Content starts

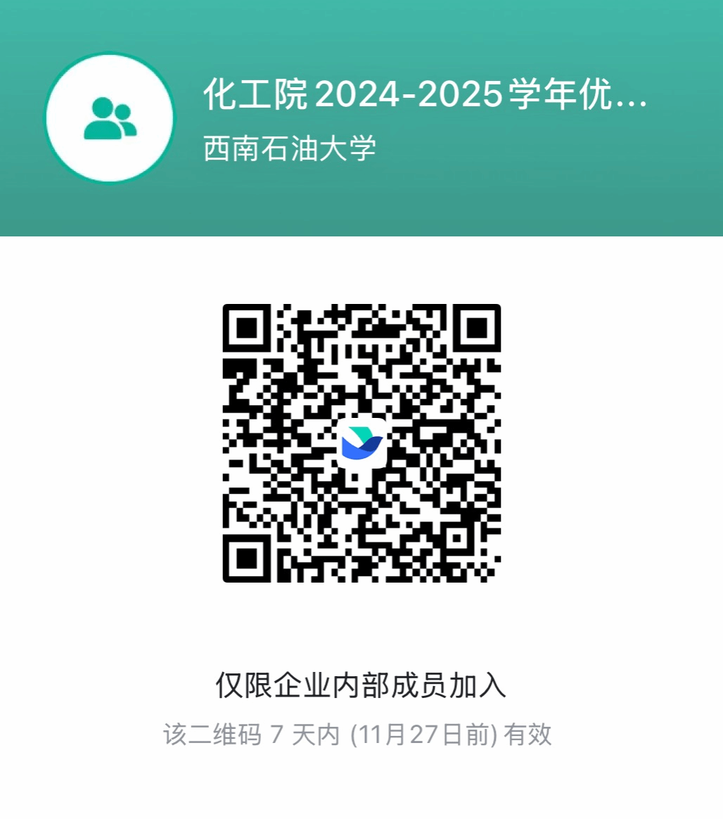为全面落实立德树人根本任务,充分发挥先进典型示范引领作用,按照学校关于开展2024-2025学年学生先进个人和先进集体评选工作的相关要求,依据《西南石油大学学生先进个人和先进集体评选表彰办法》(2025年修订),现开展化学化工学院2024-2025学年优秀学生标兵评选工作。 (一)评选范围:从当学年已获推参评“优秀学生”的学生中产生。 (二)参评条件: 1.政治素质过硬,道德品质高尚,在个人发展和班风学风建设、学生社区建设、集体事务中综合表现突出,能够在学生群体中起到良好的引领示范作用。 2.学业成绩优异,本科生参评学年学分绩点及综合素质测评排名均位于专业年级前5%,研究生参评学年综合素质测评排名位于专业年级前5%。 3.参评学年,满足上述条件的同时须符合以下条件之一: (1)在国际级大学生学科竞赛或科技竞赛(含个人项目和集体项目)中,获奖排名前二(以获奖证书排名为准)或获得二等奖及以上奖励。 (2)在国家级大学生学科竞赛、科技竞赛或与学生发展密切相关的重大活动中,个人项目获得第二名(或二等奖)及以上奖励,或者为获得第一名(或一等奖)及以上集体项目的主力队员前两名(以获奖证书排名为准),或者为获得第二名(或二等奖)集体项目的负责人(排名第一,以获奖证书排名为准)。 (3)在省级大学生学科竞赛、科技竞赛或与学生发展密切相关的重大活动中,个人项目获得第一名(或一等奖),或者为获得第一名(或一等奖)集体项目的负责人(排名第一,以获奖证书排名为准)。 (4)以第一作者(或教师第一、学生第二)发表与本学科密切相关的高水平论文。 (5)以第一发明人(或教师第一、学生第二) 获得与本学科密切相关的发明专利授权。 (6)获学生“飞翔奖”或省级及以上等具有重大影响的荣誉称号。 符合参评条件且报名参加评选的同学请提前准备答辩ppt,ppt内容应包括个人基本信息及学业情况,在校期间取得的主要成绩、奖学金及荣誉、学科竞赛获奖、学术科研成果、文体活动、社会实践与公益服务情况等,答辩时间每个人不超过5分钟。预计下周开展院内评选答辩,请提前扫码加入飞书群,后续群内通知答辩时间和地点。
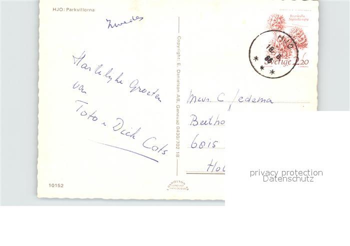 old postcard Hjo Parkvillorna postalisch gelaufen Erhaltung siehe scans
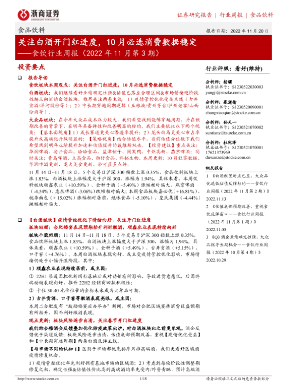 【浙商证券】【20221120】食饮行业周报(2022年11月第3期):关注白酒开门红进度,10月必选消费数据稳定-18页
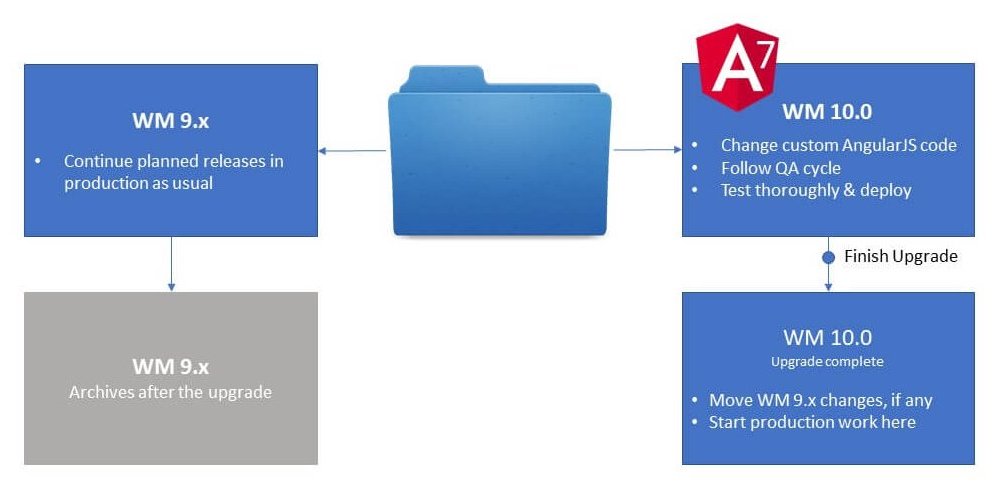 • Even after the WaveMaker 10 release, you can continue to develop and run your application on WM 9.4 while the upgrade to WM 10 is in progress.

Content ends

> _TASK_: All of the data above should be quoted exactly, except for the pictures.

> _EXERCISE OUTPUT_:
为全面落实立德树人根本任务,充分发挥先进典型示范引领作用,按照学校关于开展2024-2025学年学生先进个人和先进集体评选工作的相关要求,依据《西南石油大学学生先进个人和先进集体评选表彰办法》(2025年修订),现开展化学化工学院2024-2025学年优秀学生标兵评选工作。 (一)评选范围:从当学年已获推参评“优秀学生”的学生中产生。 (二)参评条件: 1.政治素质过硬,道德品质高尚,在个人发展和班风学风建设、学生社区建设、集体事务中综合表现突出,能够在学生群体中起到良好的引领示范作用。 2.学业成绩优异,本科生参评学年学分绩点及综合素质测评排名均位于专业年级前5%,研究生参评学年综合素质测评排名位于专业年级前5%。 3.参评学年,满足上述条件的同时须符合以下条件之一: (1)在国际级大学生学科竞赛或科技竞赛(含个人项目和集体项目)中,获奖排名前二(以获奖证书排名为准)或获得二等奖及以上奖励。 (2)在国家级大学生学科竞赛、科技竞赛或与学生发展密切相关的重大活动中,个人项目获得第二名(或二等奖)及以上奖励,或者为获得第一名(或一等奖)及以上集体项目的主力队员前两名(以获奖证书排名为准),或者为获得第二名(或二等奖)集体项目的负责人(排名第一,以获奖证书排名为准)。 (3)在省级大学生学科竞赛、科技竞赛或与学生发展密切相关的重大活动中,个人项目获得第一名(或一等奖),或者为获得第一名(或一等奖)集体项目的负责人(排名第一,以获奖证书排名为准)。 (4)以第一作者(或教师第一、学生第二)发表与本学科密切相关的高水平论文。 (5)以第一发明人(或教师第一、学生第二) 获得与本学科密切相关的发明专利授权。 (6)获学生“飞翔奖”或省级及以上等具有重大影响的荣誉称号。 符合参评条件且报名参加评选的同学请提前准备答辩ppt,ppt内容应包括个人基本信息及学业情况,在校期间取得的主要成绩、奖学金及荣誉、学科竞赛获奖、学术科研成果、文体活动、社会实践与公益服务情况等,答辩时间每个人不超过5分钟。预计下周开展院内评选答辩,请提前扫码加入飞书群,后续群内通知答辩时间和地点。
 old postcard Hjo Parkvillorna postalisch gelaufen Erhaltung siehe scans
 【浙商证券】【20221120】食饮行业周报(2022年11月第3期):关注白酒开门红进度,10月必选消费数据稳定-18页
 • Even after the WaveMaker 10 release, you can continue to develop and run your application on WM 9.4 while the upgrade to WM 10 is in progress.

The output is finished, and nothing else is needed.